Converting lunar regolith into materials for Additive Manufacturing
A European Space Agency (ESA) Discovery project, led by the Danish Technological Institute (DTI), is currently investigating how lunar regolith can be converted into materials for Additive Manufacturing of electronic components on the Moon.
The Regolith to Repairs: ISRU for Additive Manufacturing of Electronics project focuses on enabling in-situ production of conductive inks and metal powders from locally available resources. By reducing reliance on Earth-based supply chains, the work aims to support future lunar missions with on-site repair and manufacturing capabilities.
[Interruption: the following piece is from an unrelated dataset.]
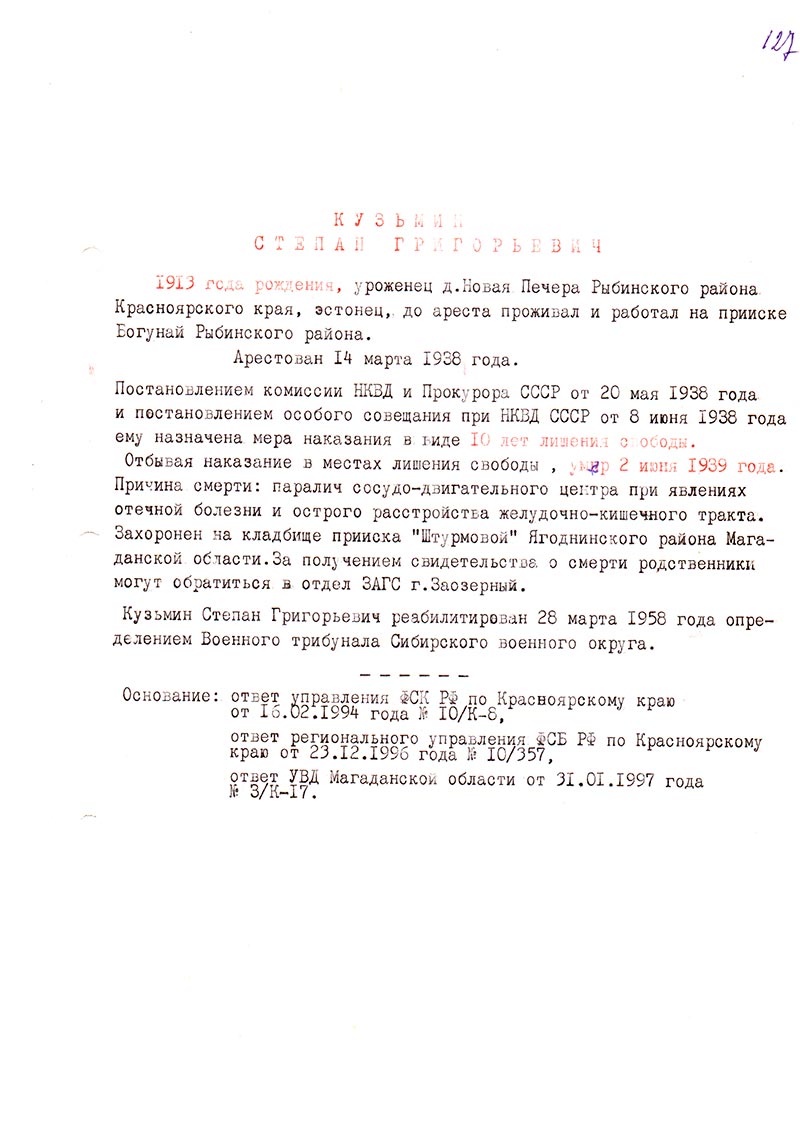 1913 года рождения, уроженец д. Новая Печера Рыбинского района Красноярского края, эстонец, до ареста проживал и работал на прииске Богунай Рыбинского района.
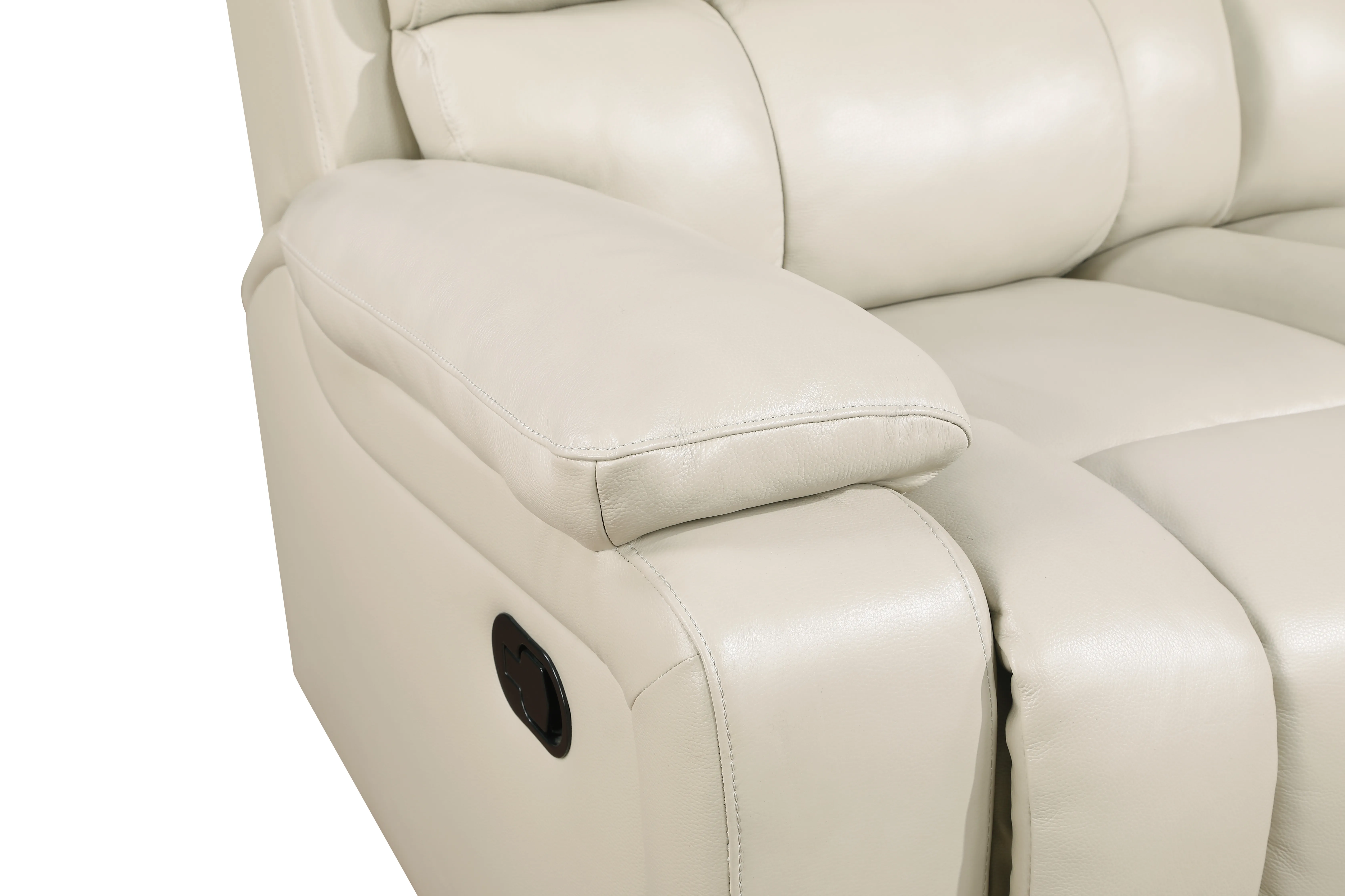 Introducing the Cicero Leather sofa, loveseat, and glider recliner set, the perfect addition to any living room. This luxurious set is upholstered in creamy leather match, adding a touch of sophistication and comfort to your home.The sofa and loveseat feature a traditional design, with plush cushions and sturdy wooden legs, providing the perfect combination of style and support. The glider recliner, on the other hand, adds a modern touch to the set, with its smooth gliding motion and reclining function.This set is available in both manual and powered versions, with headrest and footrest options. The powered version allows you to adjust the headrest and footrest with the touch of a button, providing ultimate relaxation and comfort.Whether you''re hosting guests or simply lounging at home, the Cicero Leather sofa, loveseat, and glider recliner set is the perfect choice. Its elegant design and comfortable make it a must-have for any living room.

As human missions return to the Moon under programmes such as Artemis, maintaining and repairing critical systems will become essential. Many of these systems depend on electronic circuits, and transporting replacement parts from Earth remains both costly and time-consuming. The DTI-led project addresses this challenge by exploring whether lunar regolith can serve as a feedstock for AM processes.
Lunar regolith contains approximately 40–45% oxygen by weight, chemically bound within its mineral structure. Extracting this oxygen – for use in propulsion or life support – leaves behind a metal-rich residue. The project evaluates whether this residual material can be processed into conductive feedstock suitable for Additive Manufacturing of electronic components.
At the core of the approach is molten salt electrolysis, in which regolith is processed in a calcium chloride electrolyte at temperatures between 800-1,000°C. When a voltage is applied, oxygen is released, leaving metallic alloys. Metalysis, based in Catcliffe, UK, which has collaborated with ESA and the UK Space Agency since 2019, is supplying both untreated and de-oxygenated simulated regolith for the study.
DTI is responsible for converting this metal-rich residue into usable feedstock for Additive Manufacturing. The institute is developing methods to produce conductive inks for AM circuits and metal powders for AM of larger components.
Christian Dalsgaard, Senior Consultant at DTI and principal investigator of the project, explained, “Every time you want to send a kilo into space, you need 15 kg of fuel to move it. There is an enormous advantage in being able to utilise local materials available on the Moon – for example, to repair critical parts.”
The ability to manufacture electronics on demand could support a wide range of applications, including maintenance of habitats, repair of robotic systems, and development of communications infrastructure.
“The primary innovation of the project is converting the conductive part of regolith into a digitally printable material,” Dalsgaard added. “This opens new opportunities for off-Earth manufacturing of electronics for future space missions.”
Dr Rita Palumbo, Advanced Manufacturing of Electronics specialist at ESA, stated, “The farther humankind ventures into space, the less we can afford to carry everything we need from Earth. Advanced Manufacturing of Electronics is one of the areas ESA is exploring to understand how future missions might build, repair and adapt electronics.”
To validate the concept, DTI and Metalysis will produce conductive materials from simulated regolith and assess their suitability for Additive Manufacturing. Initial demonstrations will focus on producing conductive features such as wires, with potential applications including antenna fabrication directly on the lunar surface.
While currently a proof-of-concept study, the project forms part of a broader effort to establish regolith as a viable feedstock for electrical components. According to DTI, interest has already been shown by aerospace and defence sector stakeholders.
The project was submitted through ESA’s Open Space Innovation Platform (OSIP) and is funded under the Discovery element of ESA’s Basic Activities programme.